EXTRACTED ENTRIES:
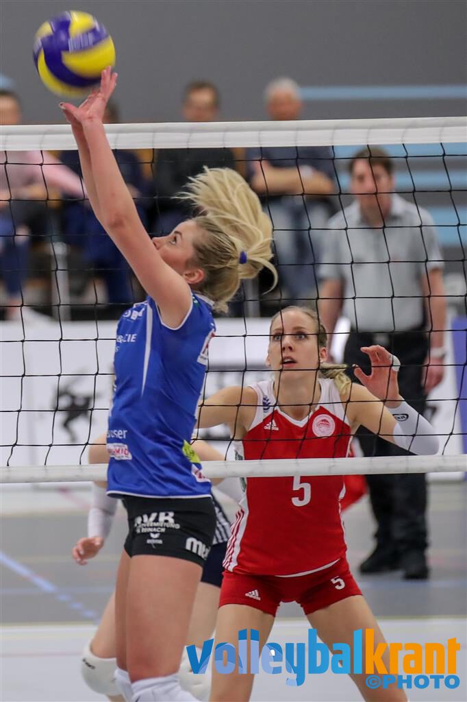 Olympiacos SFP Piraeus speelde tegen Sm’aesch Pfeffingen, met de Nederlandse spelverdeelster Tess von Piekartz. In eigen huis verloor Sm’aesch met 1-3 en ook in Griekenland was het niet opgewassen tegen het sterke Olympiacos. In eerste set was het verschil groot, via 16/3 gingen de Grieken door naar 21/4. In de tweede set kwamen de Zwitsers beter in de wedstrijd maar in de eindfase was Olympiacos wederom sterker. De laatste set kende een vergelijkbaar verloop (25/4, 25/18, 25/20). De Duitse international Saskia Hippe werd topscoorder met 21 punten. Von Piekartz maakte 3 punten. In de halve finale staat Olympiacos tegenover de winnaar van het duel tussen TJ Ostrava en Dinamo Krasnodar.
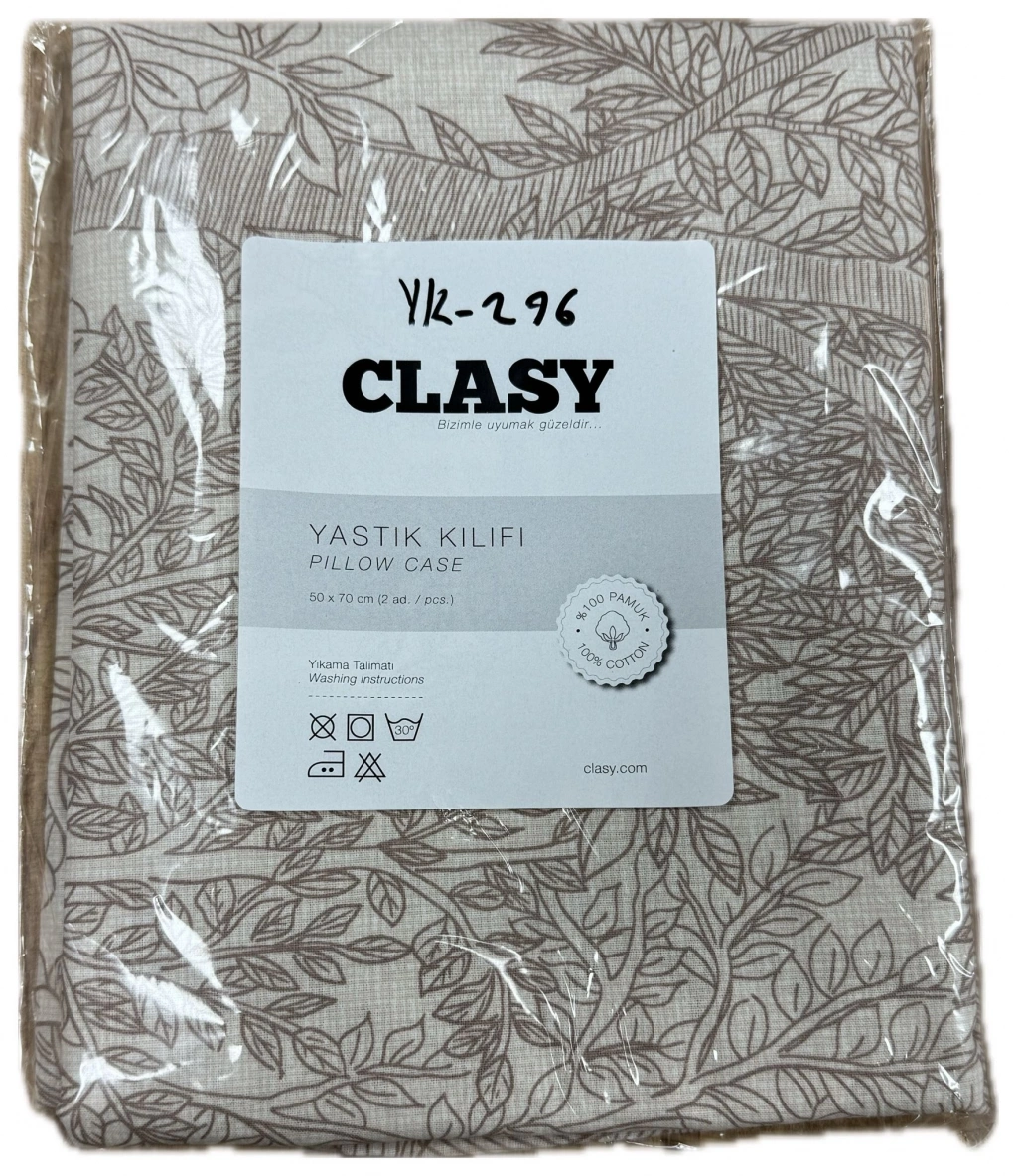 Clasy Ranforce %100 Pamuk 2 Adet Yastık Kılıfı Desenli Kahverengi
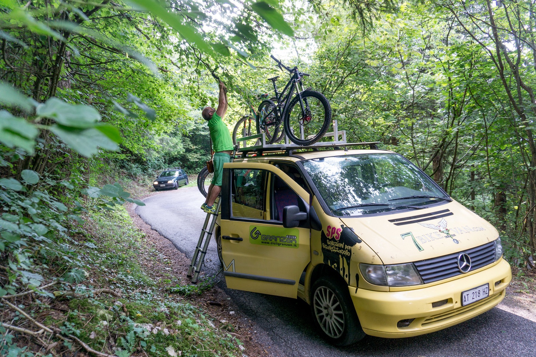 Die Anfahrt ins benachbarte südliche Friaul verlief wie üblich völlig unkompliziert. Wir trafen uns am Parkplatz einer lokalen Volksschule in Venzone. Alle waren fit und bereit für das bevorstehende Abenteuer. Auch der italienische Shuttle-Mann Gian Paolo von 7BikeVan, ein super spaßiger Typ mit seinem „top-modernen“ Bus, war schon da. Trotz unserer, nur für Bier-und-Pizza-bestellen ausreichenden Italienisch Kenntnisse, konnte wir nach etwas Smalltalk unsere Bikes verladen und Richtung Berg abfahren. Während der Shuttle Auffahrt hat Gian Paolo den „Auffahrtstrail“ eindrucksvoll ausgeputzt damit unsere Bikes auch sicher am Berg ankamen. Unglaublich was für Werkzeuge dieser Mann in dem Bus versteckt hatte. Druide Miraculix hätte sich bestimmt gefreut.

==

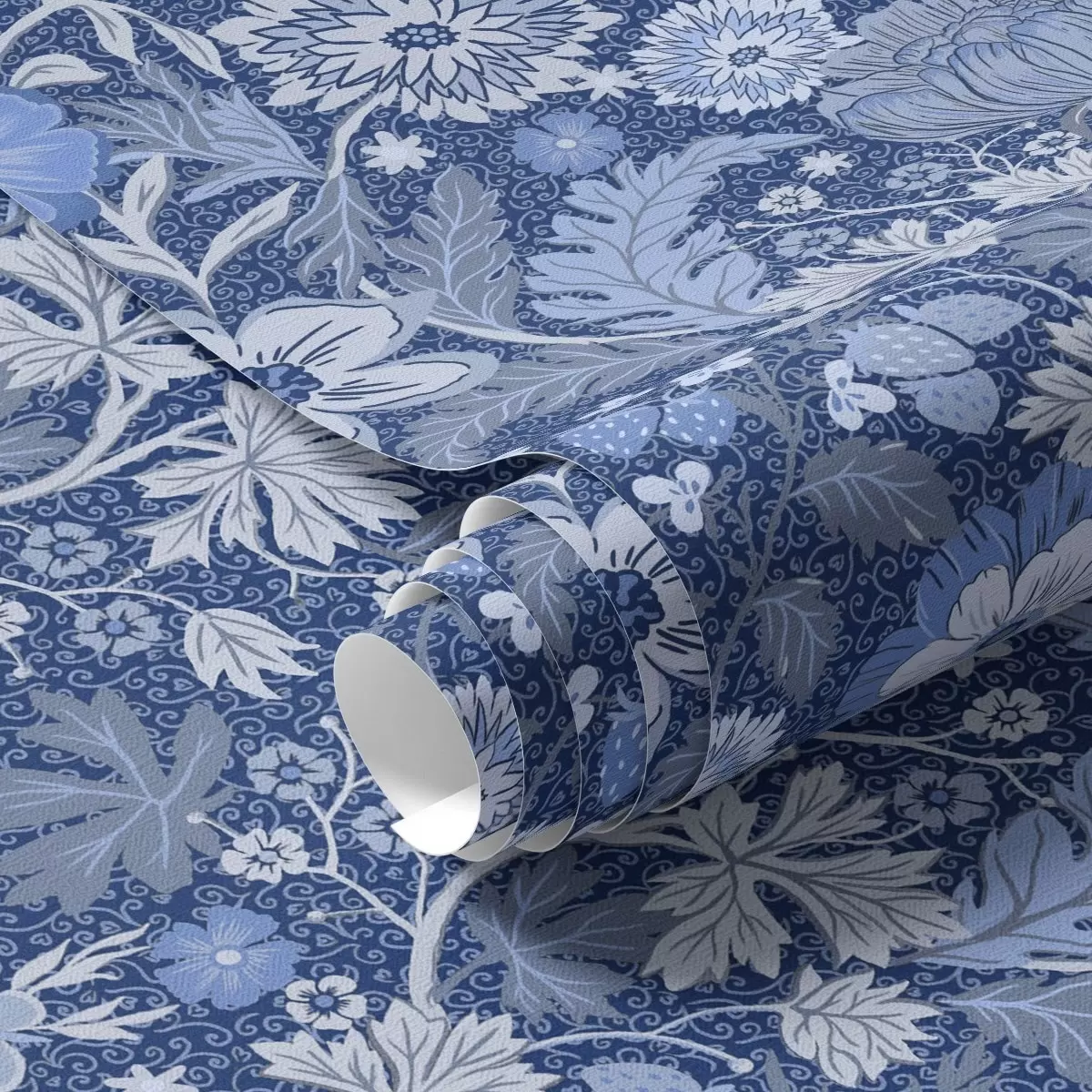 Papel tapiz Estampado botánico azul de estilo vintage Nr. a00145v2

TASK GOAL: Look above for the line with "Clasy Ranforce %100" and the line with "Die Anfahrt ins". Give again exactly those two lines and all lines between them, pictures excluded.

OUTPUT:
 Clasy Ranforce %100 Pamuk 2 Adet Yastık Kılıfı Desenli Kahverengi
 Die Anfahrt ins benachbarte südliche Friaul verlief wie üblich völlig unkompliziert. Wir trafen uns am Parkplatz einer lokalen Volksschule in Venzone. Alle waren fit und bereit für das bevorstehende Abenteuer. Auch der italienische Shuttle-Mann Gian Paolo von 7BikeVan, ein super spaßiger Typ mit seinem „top-modernen“ Bus, war schon da. Trotz unserer, nur für Bier-und-Pizza-bestellen ausreichenden Italienisch Kenntnisse, konnte wir nach etwas Smalltalk unsere Bikes verladen und Richtung Berg abfahren. Während der Shuttle Auffahrt hat Gian Paolo den „Auffahrtstrail“ eindrucksvoll ausgeputzt damit unsere Bikes auch sicher am Berg ankamen. Unglaublich was für Werkzeuge dieser Mann in dem Bus versteckt hatte. Druide Miraculix hätte sich bestimmt gefreut.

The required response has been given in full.